算法 - Why WebRTC｜"Shallow in, deep out" working principle explained in detail - RTC 实时音视频

Preface

In recent years, real-time audio and video communication applications have shown a trend of explosion. Behind these real-time communication technologies, there is a technology that must be mentioned-WebRTC.

In January of this year, WebRTC was published as an official standard by W3C and IETF. According to a report by the research organization GrandViewReseach, the global WebRTC market is expected to reach 21.023 billion U.S. dollars in 2025. Compared with the market size of 2.3 billion U.S. dollars in 2019, the 5-year compound annual growth rate is 43.6%.

This series of content will discuss with you, why is WebRTC favored by developers and enterprises? How will WebRTC develop in the future? And how does Agora perform secondary development based on WebRTC, and how will it support the WebRTC NV version?

WebRTC can be regarded as a browser native real-time communication method that can run without installing any plug-ins or downloading any additional programs. Different clients can realize real-time communication and see each other by jumping to the same URL through the browser (same or different). But this is just a "God's perspective" statement, and the technical framework and implementation details contained therein are far from simple.

basic concepts

Before we start discussing how WebRTC works, let's clarify a few key technical concepts.

P2P

The ability to realize real-time point-to-point audio and video (ie, multimedia) communication is the most significant feature of WebRTC. In order to communicate through a web browser, everyone's web browser needs to agree to "start to connect", know the other party's network location, and also need to bypass network security and firewall protection and transmit all multimedia communications in real time. .

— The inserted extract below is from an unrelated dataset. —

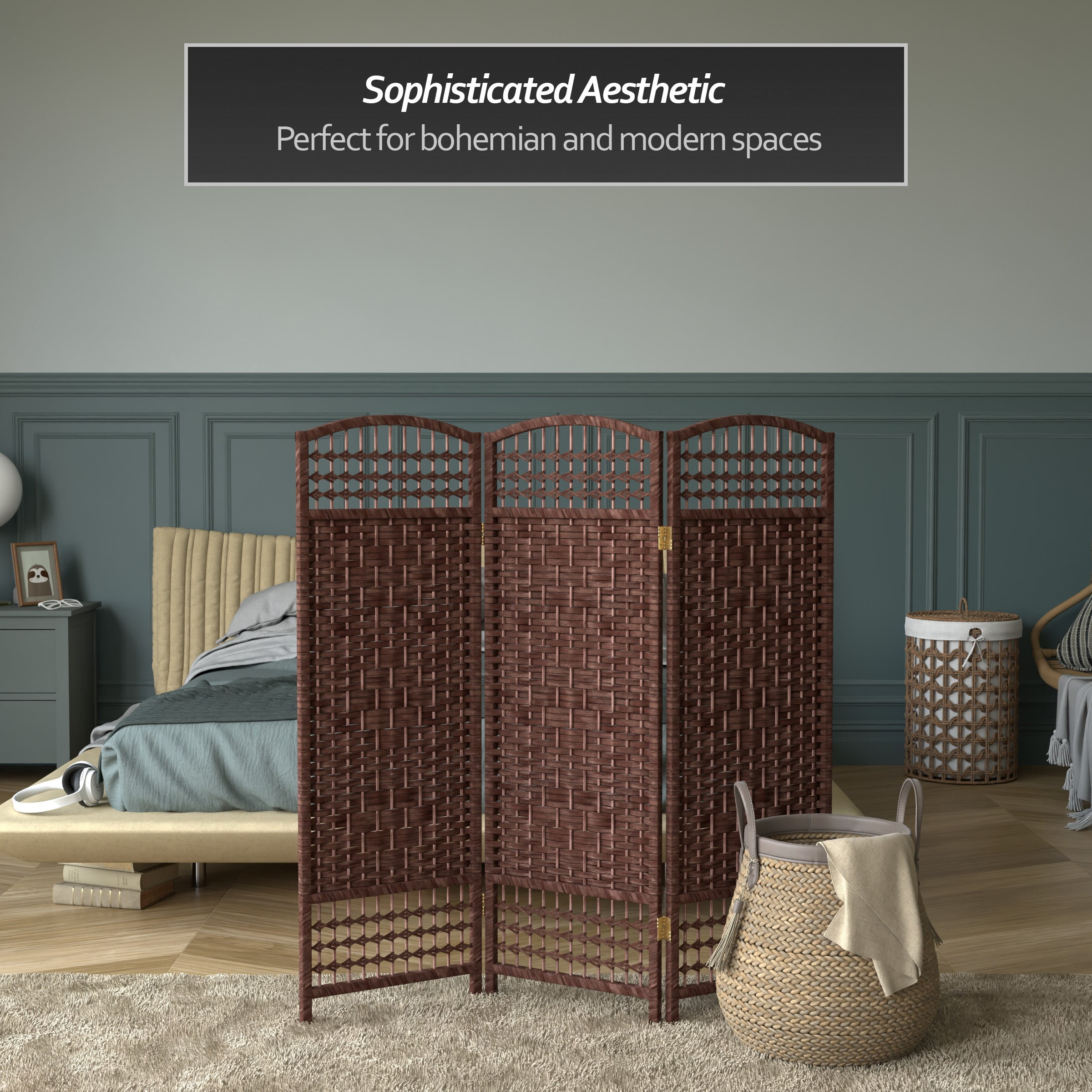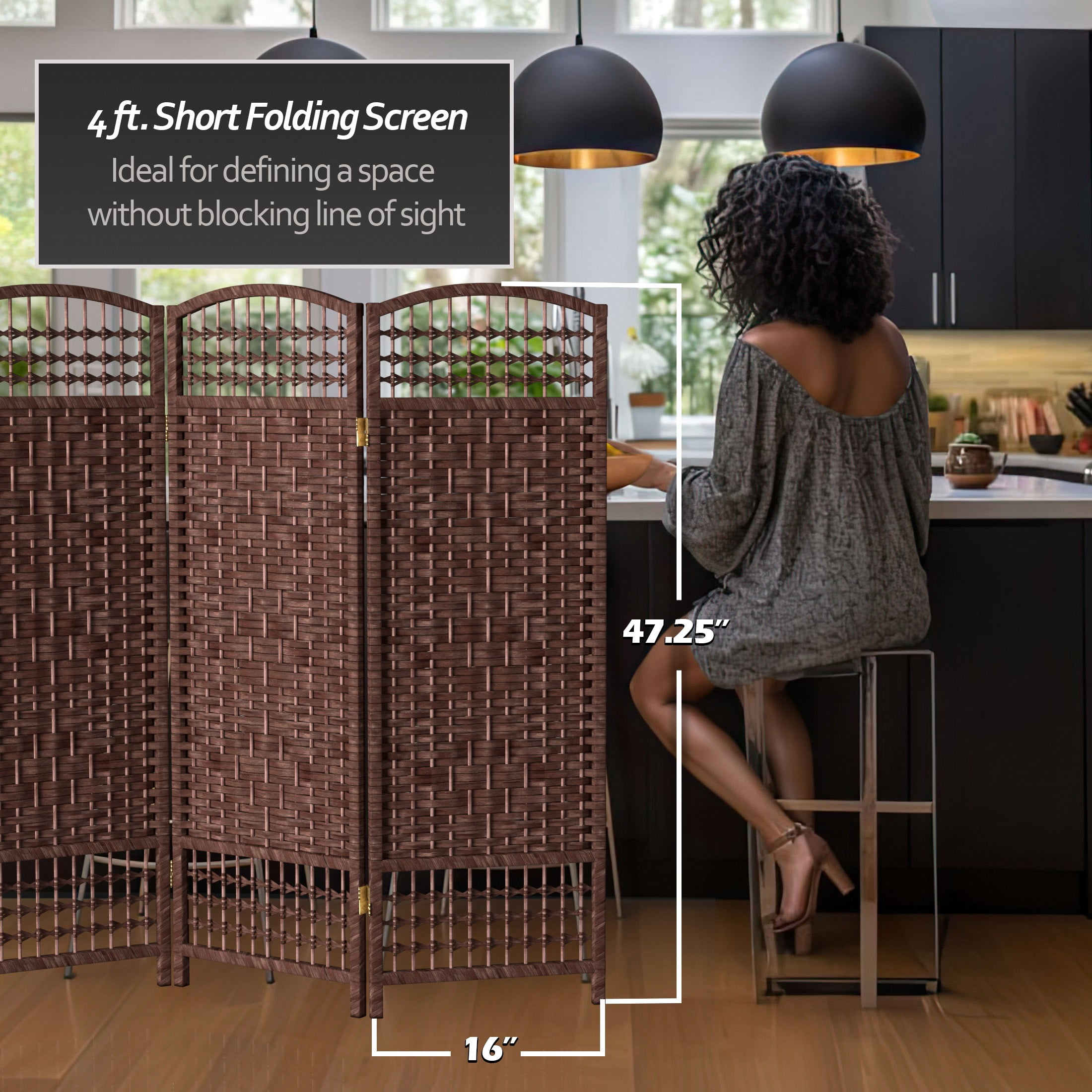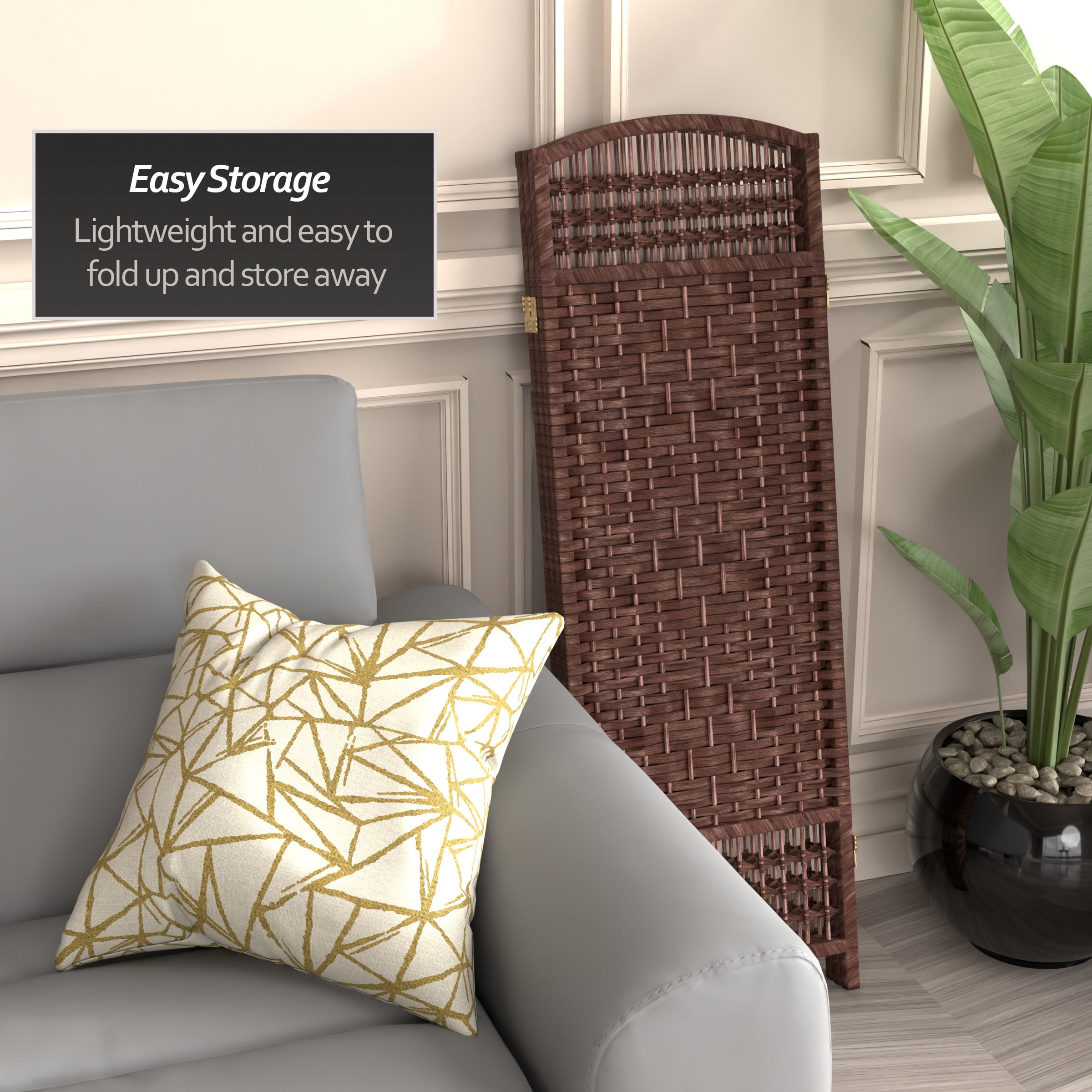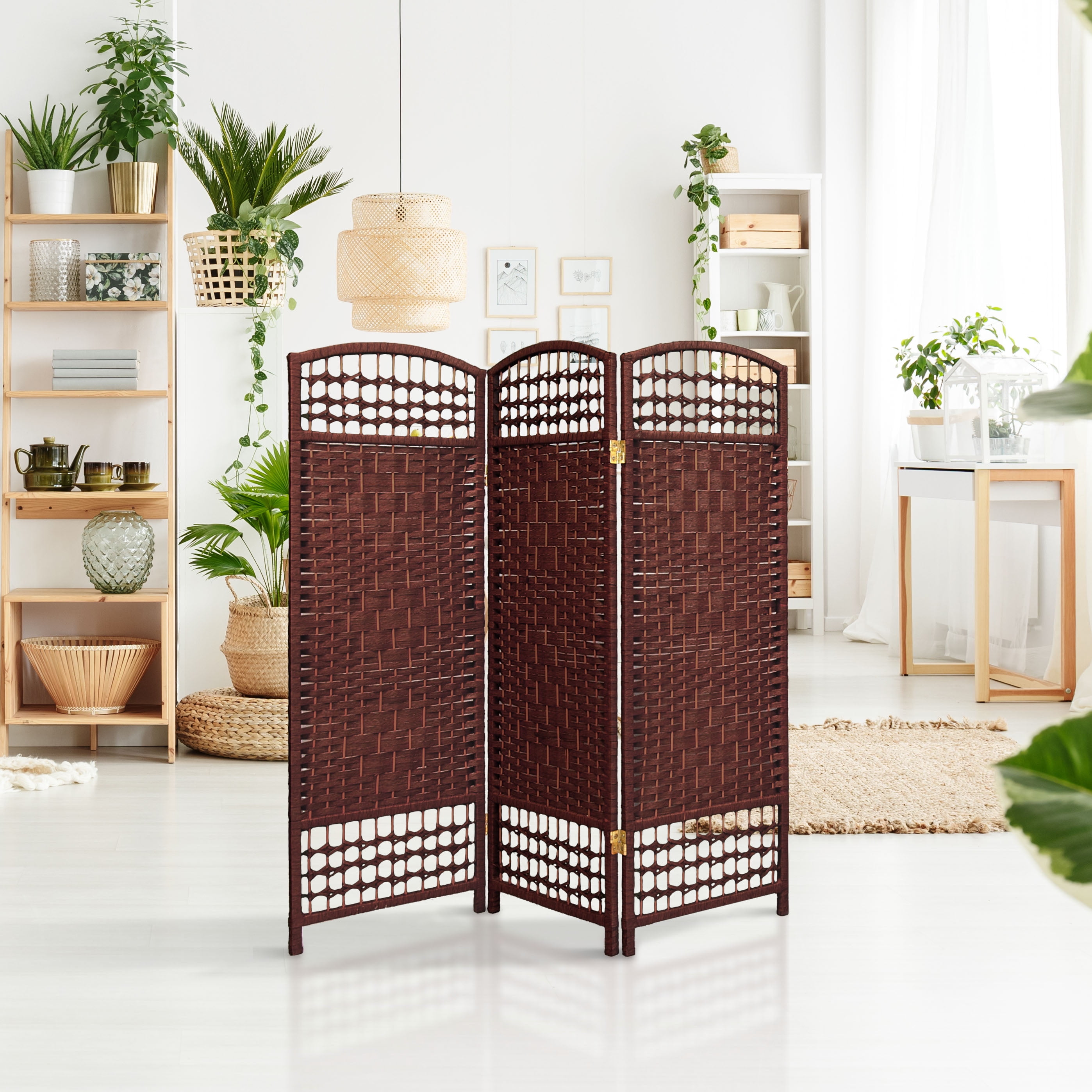 4′ Tall Fiber Weave Room Divider: Kiln dried wood frames woven with spun plant fiber cord 2-way hinges fold panels in either direction Ships fully assembled Color: white Material: natural fiber

In browser-based peer-to-peer communication, how to locate and establish a network connection with another computer's Web browser and perform efficient data transmission is one of its biggest challenges.

When you want to visit a website, you usually enter the URL directly or click the link to jump to view the page. In this process, you actually make a request to the server that responds by providing web pages (HTML, CSS, and JavaScript). The key to making this access request is that you make an HTTP request to a known and easy-to-locate server (via DNS) and get a response (ie, web page).

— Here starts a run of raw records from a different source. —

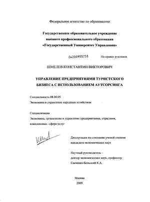 аутсорсера в управлении предприятиями туристского бизнеса 69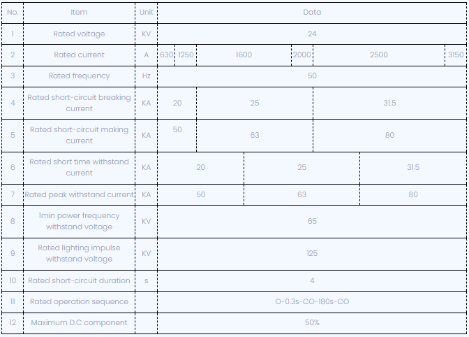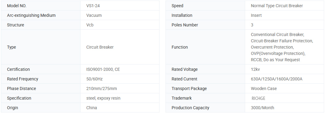 سری VS1-24 از شکن خلاء ولتاژ بالای ولتاژ داخلی با سیلندر عایق بندی شده مشترک ، سه فرای A.C. 50 هرتز تجهیزات توزیع قدرت داخلی با ولتاژ امتیاز 24 کیلو ولت است. این مورد برای محافظت از کنترل تجهیزات الکتریکی در زمینه های صنعت و معدن ، نیروگاه ها و پست ها استفاده می شود. این نوع قطع کننده مدار خلاء مطابق با استانداردهای ملی و مقررات استاندارد IEC است ، توانایی به درجه M2-E2-C2 می رسد.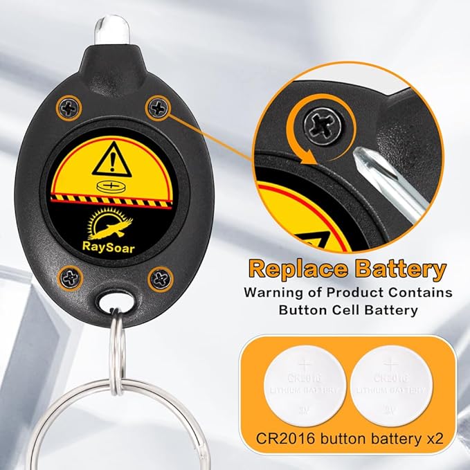 - Replaceable CR2016 Batteries: The mini keychain flashlight is installed TWO CR2016 batteries, usually it gives you up to 12 hours of continuous use. You can replace the new batteries easily by user manual.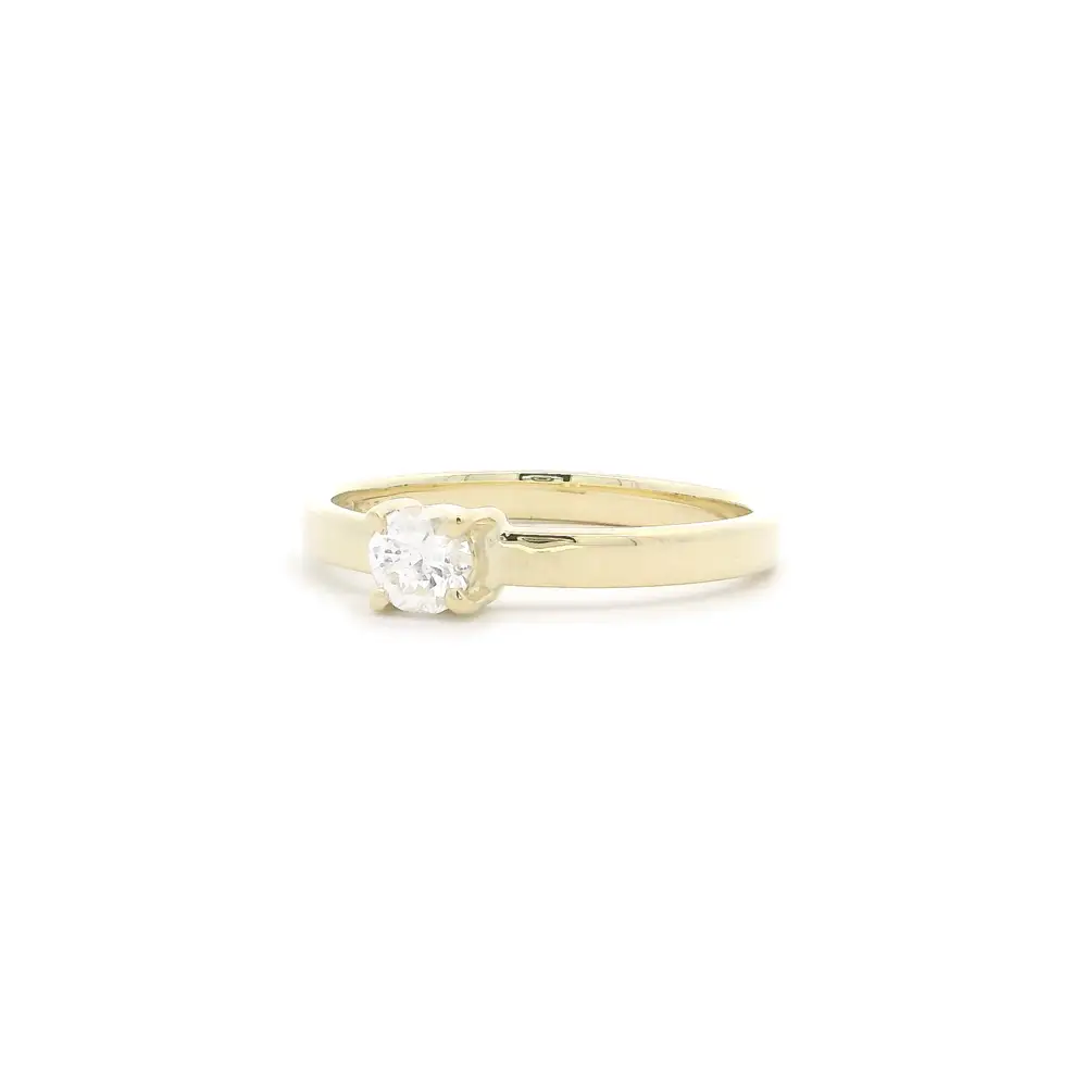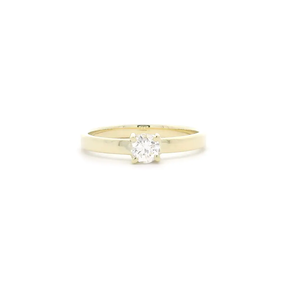 Sự kết hợp giữa vàng vàng và kim cương solitaire cổ điển biến chiếc nhẫn này trở thành lựa chọn lý tưởng cho lễ đính hôn – một biểu tượng của sự gắn bó trọn đời.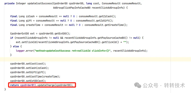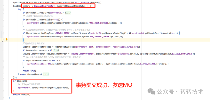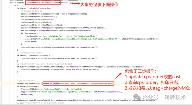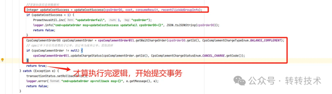 b.updateCostSuccess接口里,其实包含了三步操作,执行完后,还处于大事务中,事务并未提交,后面还有处理流程。

At first glance, it seems that this problem is not that difficult, but let's take an example: Now suppose I want to communicate with my colleagues via video. So how can we make a request and actually receive the other party's audio and video data directly?

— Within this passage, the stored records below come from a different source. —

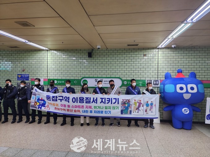 [세계뉴스 차성민 기자] 서울교통공사(이하 공사)와 지하철경찰대(이하 경찰대)가 지하철 내 범죄예방과 혼잡 시 안전한 이용수칙을 알리는 합동 캠페인을 8일 오후 3시 2호선 잠실역에서 진행했다.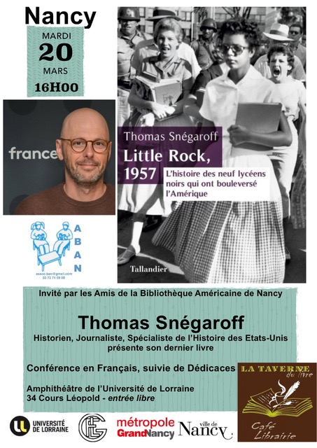 Les Amis de la Bibliothèque Américaine vous invite à une conférence de Thomas Snégaroff, historien, journaliste et spécialiste des Etats-Unis. Il parlera de la thématique de son dernier ouvrage à savoir l'histoire des "neuf de Little Rock", neuf lycéens noirs qui ont osé s'opposer à la ségrégration raciale de leur pays !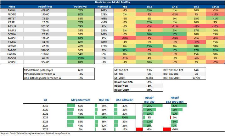 Deniz Yatırım Model Portföy, Deniz Yatırım Strateji ve Araştırma Bölümü tarafından, temel analiz kriterlerine göre hazırlanmış, orta-uzun vadeli hisse senedi tavsiye listesidir. Alınan pozisyonlar sadece uzun yönlüdür (long only). Herhangi bir rakamsal/yüzdesel getiri hedefi söz konusu değildir. Herhangi bir şirket sayısı sınırı söz konusu değildir. Herhangi bir sıklıkta/takvim dahilinde değişiklik yapma zorunluluğu söz konusu değildir. Strateji ve Araştırma Bölümü analistleri portföyü takvim yılı içerisinde piyasa koşulları izin vermez ise değiştirmeme hakkına sahiptirler. Portföy içerisinde yer alan şirketler için temel analiz açısından getiri potansiyeli kalmamış dahi olsa da (değerleme olarak) şirket markasına olan geçmiş ve gelecek dönem güveni ile liste içerisinde kalmaya devam edebilirler. Portföyde yer alan şirketler için AL tavsiyesi bulunması zorunluluğu söz konusu değildir. Bölüm analistleri, TUT ve/veya Gözden Geçiriliyor önerileri ile de liste içerisinde şirket tercihinde bulunabilirler.

The problems in the above scenarios can be solved by P2P (point-to-point transmission) technology, and WebRTC itself is based on a peer-to-peer connection, among which RTCPeerConnection is the API responsible for establishing P2P connections and transmitting multimedia data.

Firewall and NAT penetration

In daily life, most of us access the Internet through work or home networks. At this time, our equipment is usually behind a firewall and a network access translation device (NAT), so there is no static public IP address assigned. Taking a closer look, the NAT device will convert the private IP address inside the firewall to a public-facing IP address to ensure the security and IPv4 restrictions on the available public IP addresses.

Let us take a look at the previous example. Considering the participation of the NAT device, how can I know the IP address of my colleague and send audio and video data to this address? Similarly, how can he know that my IP address can connect audio and video data to this address? Video data sent back? This is the problem to be solved by STUN (Session Traversal Utilities for NAT) and TURN (Traversal Using Relays around NAT) servers.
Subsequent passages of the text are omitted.